Your instructions: Your answer should hold only the lines from the one containing "Boîte à musique" through the last line below, copied exactly; pictures stay out.
╭─ The data
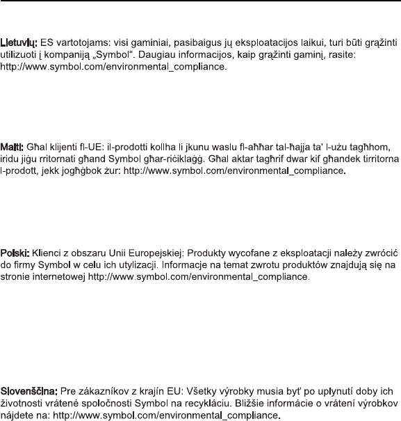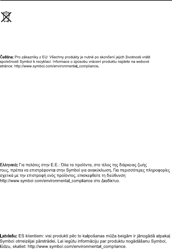 kohta külastage palun aadressi: http://www.symbol.com/environmental_compliance.
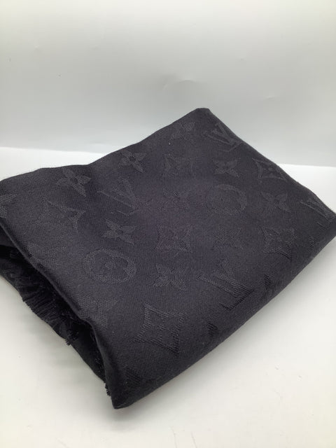 Louis Vuitton Black Silk Square Scarf, in the Iconic Louis Vuitton Monogram Print.
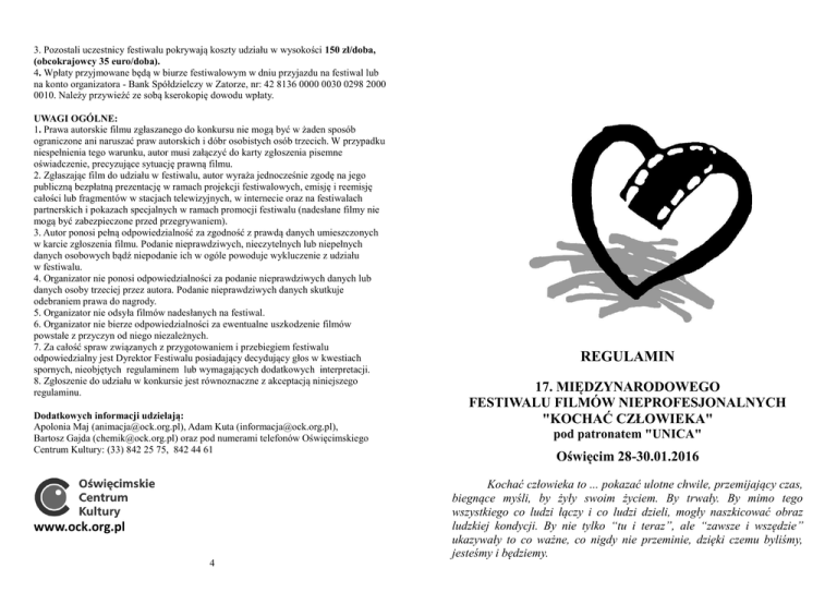 3. Pozostali uczestnicy festiwalu pokrywają koszty udziału w wysokości 150 zł/doba, (obcokrajowcy 35 euro/doba). 4. Wpłaty przyjmowane będą w biurze festiwalowym w dniu przyjazdu na festiwal lub na konto organizatora - Bank Spółdzielczy w Zatorze, nr: 42 8136 0000 0030 0298 2000 0010. Należy przywieźć ze sobą kserokopię dowodu wpłaty. UWAGI OGÓLNE: 1. Prawa autorskie filmu zgłaszanego do konkursu nie mogą być w żaden sposób ograniczone ani naruszać praw autorskich i dóbr osobistych osób trzecich. W przypadku niespełnienia tego warunku, autor musi załączyć do karty zgłoszenia pisemne oświadczenie, precyzujące sytuację prawną filmu. 2. Zgłaszając film do udziału w festiwalu, autor wyraża jednocześnie zgodę na jego publiczną bezpłatną prezentację w ramach projekcji festiwalowych, emisję i reemisję całości lub fragmentów w stacjach telewizyjnych, w internecie oraz na festiwalach partnerskich i pokazach specjalnych w ramach promocji festiwalu (nadesłane filmy nie mogą być zabezpieczone przed przegrywaniem). 3. Autor ponosi pełną odpowiedzialność za zgodność z prawdą danych umieszczonych w karcie zgłoszenia filmu. Podanie nieprawdziwych, nieczytelnych lub niepełnych danych osobowych bądź niepodanie ich w ogóle powoduje wykluczenie z udziału w festiwalu. 4. Organizator nie ponosi odpowiedzialności za podanie nieprawdziwych danych lub danych osoby trzeciej przez autora. Podanie nieprawdziwych danych skutkuje odebraniem prawa do nagrody. 5. Organizator nie odsyła filmów nadesłanych na festiwal. 6. Organizator nie bierze odpowiedzialności za ewentualne uszkodzenie filmów powstałe z przyczyn od niego niezależnych. 7. Za całość spraw związanych z przygotowaniem i przebiegiem festiwalu odpowiedzialny jest Dyrektor Festiwalu posiadający decydujący głos w kwestiach spornych, nieobjętych regulaminem lub wymagających dodatkowych interpretacji. 8. Zgłoszenie do udziału w konkursie jest równoznaczne z akceptacją niniejszego regulaminu. Dodatkowych informacji udzielają: Apolonia Maj ([email protected]), Adam Kuta ([email protected]), Bartosz Gajda ([email protected]) oraz pod numerami telefonów Oświęcimskiego Centrum Kultury: (33) 842 25 75, 842 44 61 REGULAMIN 17. MIĘDZYNARODOWEGO FESTIWALU FILMÓW NIEPROFESJONALNYCH "KOCHAĆ CZŁOWIEKA" pod patronatem "UNICA" Oświęcim 28-30.01.2016 Kochać człowieka to ... pokazać ulotne chwile, przemijający czas, biegnące myśli, by żyły swoim życiem. By trwały. By mimo tego wszystkiego co ludzi łączy i co ludzi dzieli, mogły naszkicować obraz ludzkiej kondycji. By nie tylko “tu i teraz”, ale “zawsze i wszędzie” ukazywały to co ważne, co nigdy nie przeminie, dzięki czemu byliśmy, jesteśmy i będziemy. www.ock.org.pl 4 ORGANIZATOR: Oświęcimskie Centrum Kultury w Oświęcimiu WSPÓŁORGANIZATOR: Federacja Niezależnych Twórców Filmowych w Polsce CELE FESTIWALU: 1. Kształtowanie postaw miłości i szacunku wobec człowieka poprzez ukazanie w filmowym zapisie tematyki związanej ze wszystkimi aspektami jego życia. 2. Prezentacja dążeń i osiągnięć twórczych w tematyce określonej hasłem programowym festiwalu. TERMIN I MIEJSCE: 28-30.01.2016 Oświęcimskie Centrum Kultury w Oświęcimiu, ul. Śniadeckiego 24 tel./fax: (33) 842 25 75, 842 44 61 www.ock.org.pl / e-mail: [email protected] WARUNKI UCZESTNICTWA: 1. Organizator oczekuje na filmy w sposób jednoznaczny dotyczące człowieka. 2. Do festiwalu nie będą dopuszczone filmy: - zrealizowane: przez zawodowych twórców, studentów szkół filmowych, telewizyjnych i artystycznych powyżej II roku nauki, członków komisji kwalifikacyjnej i jury oraz w celach komercyjnych, - zakwalifikowane do projekcji konkursowych w poprzednich edycjach festiwalu, - niespełniające wymogów technicznych określonych niniejszym regulaminem, - nadesłane po ustalonym terminie. 3.Każdy nadesłany film podlegać będzie ocenie komisji kwalifikacyjnej, która po obejrzeniu wszystkich filmów w dniach 16-17 grudnia 2015 roku, dokona kwalifikacji filmów do projekcji konkursowych. Komisja nie jest zobowiązana do wyjaśniania swoich postanowień. 4. Lista filmów zakwalifikowanych do projekcji festiwalowych będzie dostępna na stronie internetowej OCK www.ock.org.pl od 19 grudnia 2015 roku. 5. Filmy zakwalifikowane do projekcji konkursowych oceniane będą przez jury powołane przez organizatora. 6. Decyzje komisji kwalifikacyjnej i jury festiwalu są ostateczne i niepodważalne. 7. Czas projekcji filmu nie może przekroczyć 20 minut. Decyzją komisji kwalifikacyjnej do festiwalu mogą zostać dopuszczone filmy dłuższe, o wybitnych walorach poznawczych i artystycznych. 8. Warunkiem dopuszczenia do konkursu filmów zagranicznych jest przesłanie ich streszczenia w języku angielskim lub niemieckim. Ponadto filmy obcojęzyczne powinny posiadać napisy w języku angielskim. 9. Filmy, wraz z czytelnie wypełnioną i podpisaną kartą zgłoszenia, należy nadsyłać w nieprzekraczalnym terminie do 14 grudnia 2015 roku (data dostarczenia filmu do siedziby organizatora) na adres: Oświęcimskie Centrum Kultury, 32-600 Oświęcim, ul. Śniadeckiego 24, z dopiskiem: „festiwal filmowy”. Nośniki bez kart zgłoszenia filmu nie będą przyjmowane do konkursu. 2 10. Do każdego zgłoszonego filmu autorzy zobowiązani są, w terminie określonym w pkt. 9, do przesłania na e-mail: [email protected], kadru z filmu (zdjęcie w wersji cyfrowej, format jpg, 300dpi, opisane tytułem filmu i nazwiskiem autora). WARUNKI TECHNICZNE: 1. Filmy muszą być nagrane w formacie DVD. 2. Każdy film musi znajdować się na odrębnej płycie DVD (warunek bezwzględny). 3. Każdy film powinien zawierać czołówkę, a przede wszystkim: tytuł, imię i nazwisko autora (autorów), rok produkcji oraz napis koniec. 4. Nie będą przyjmowane filmy DVD z interaktywnym menu. NAGRODY: 1. Organizator 17. Międzynarodowego Festiwalu Filmów Nieprofe
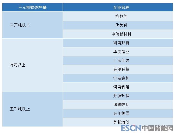 2018年,前驅(qū)體產(chǎn)量前三甲依舊是格林美、優(yōu)美科以及中偉新材料,這三家企業(yè)的前驅(qū)體年產(chǎn)量均躍至3萬噸以上。2018年國內(nèi)共有9家三元前驅(qū)體企業(yè)的年產(chǎn)量超過了1萬噸,較2017年增加5家。
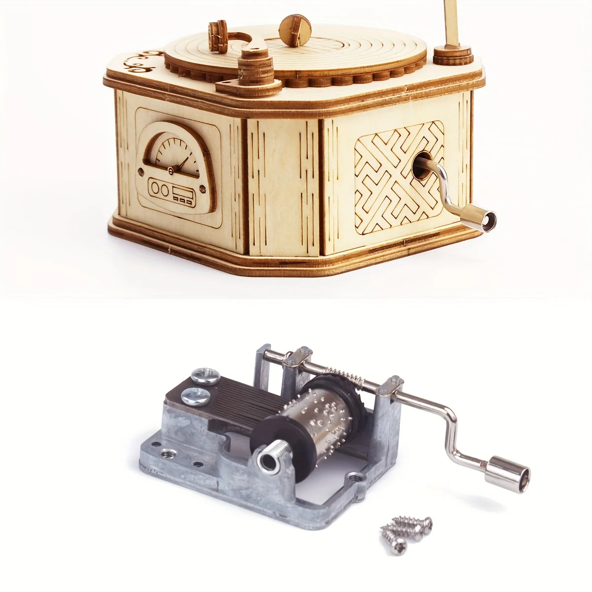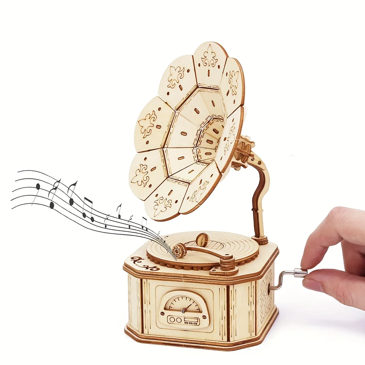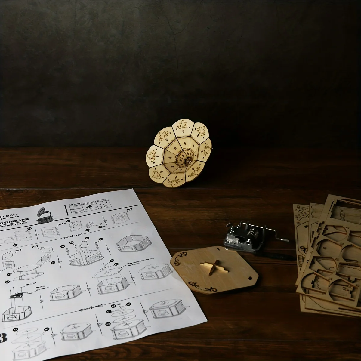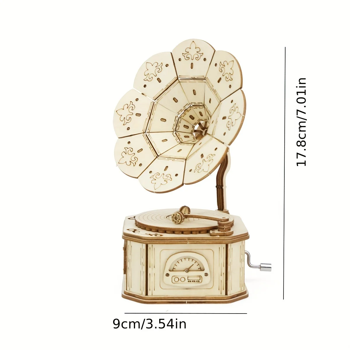 Boîte à musique gramophone en bois 3DConception originale et esthétique
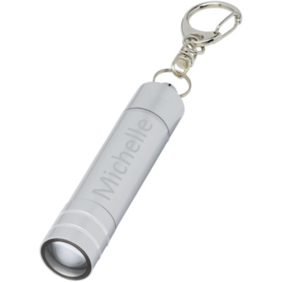 Práctico llavero LED con función de linterna y luz. La bombilla LED blanca genera 5 lúmenes y se acciona mediante un interruptor de encendido por botón. Saque el cuerpo para obtener más luz. Viene con un cierre de mosquetón metálico para poder engancharla fácilmente a un bolso o a un juego de llaves. Pilas incluidas.
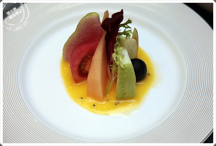 | 本來是湯品後面要上的莎拉放到最後再上,水果都挑的很好,每一種都很甜,特別的是芭樂是西瓜芭樂,這品種還是第一次吃到,本以為是紅心芭樂呢,醬汁也很特別,是用火龍果跟鳳梨調出來的,整體來說算是相當搭口的水果沙拉。 |
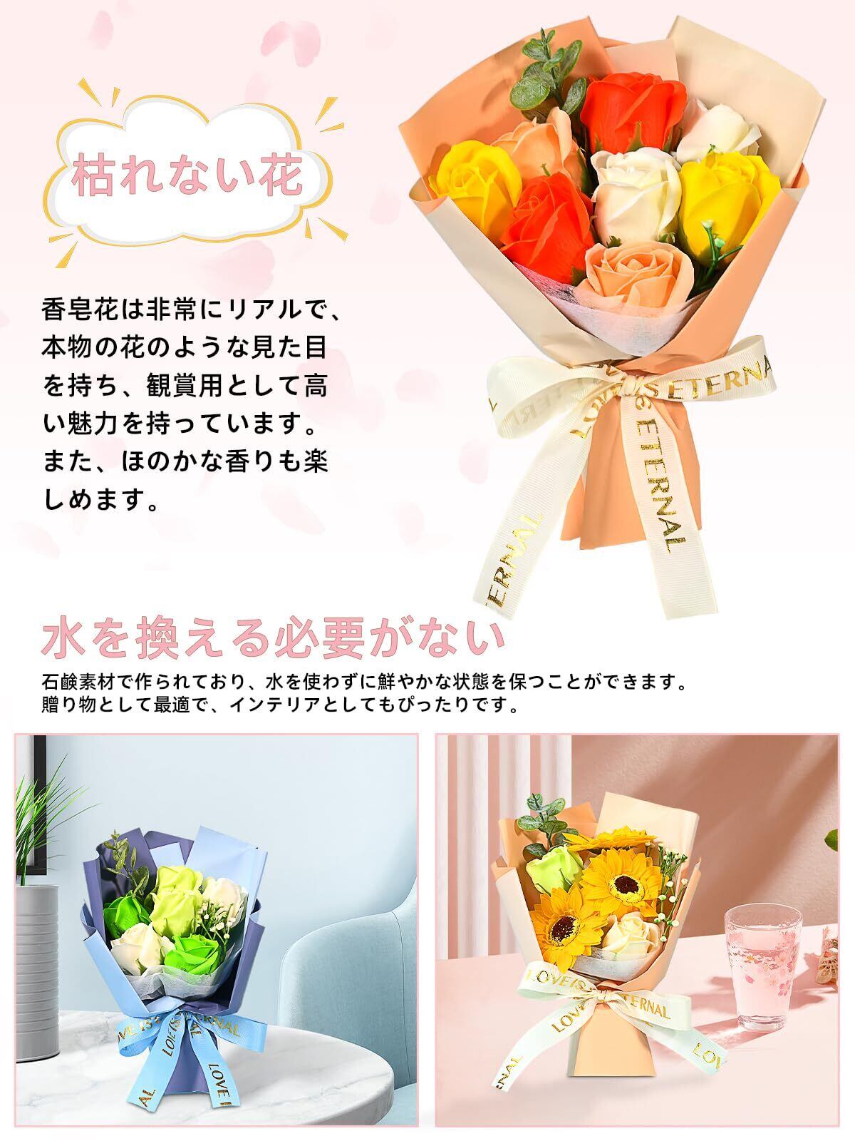 【花粉アレルギー対策強化】: ソープフラワーの大きな魅力の一つは、その花粉が含まれていないという点です。これは、伝統的な生花によく見られる花粉アレルギーの心配を完全に排除します。敏感な皮膚やアレルギーを持つ方でも、この美しい枯れない花 プレゼントを心から楽しむことが可能です。さらに、その美しさを長く保つことができるため、いつでも新鮮な花々の喜びを感じることができます。
╰─
Result below:
 Boîte à musique gramophone en bois 3DConception originale et esthétique
 Práctico llavero LED con función de linterna y luz. La bombilla LED blanca genera 5 lúmenes y se acciona mediante un interruptor de encendido por botón. Saque el cuerpo para obtener más luz. Viene con un cierre de mosquetón metálico para poder engancharla fácilmente a un bolso o a un juego de llaves. Pilas incluidas.
 | 本來是湯品後面要上的莎拉放到最後再上,水果都挑的很好,每一種都很甜,特別的是芭樂是西瓜芭樂,這品種還是第一次吃到,本以為是紅心芭樂呢,醬汁也很特別,是用火龍果跟鳳梨調出來的,整體來說算是相當搭口的水果沙拉。 |
 【花粉アレルギー対策強化】: ソープフラワーの大きな魅力の一つは、その花粉が含まれていないという点です。これは、伝統的な生花によく見られる花粉アレルギーの心配を完全に排除します。敏感な皮膚やアレルギーを持つ方でも、この美しい枯れない花 プレゼントを心から楽しむことが可能です。さらに、その美しさを長く保つことができるため、いつでも新鮮な花々の喜びを感じることができます。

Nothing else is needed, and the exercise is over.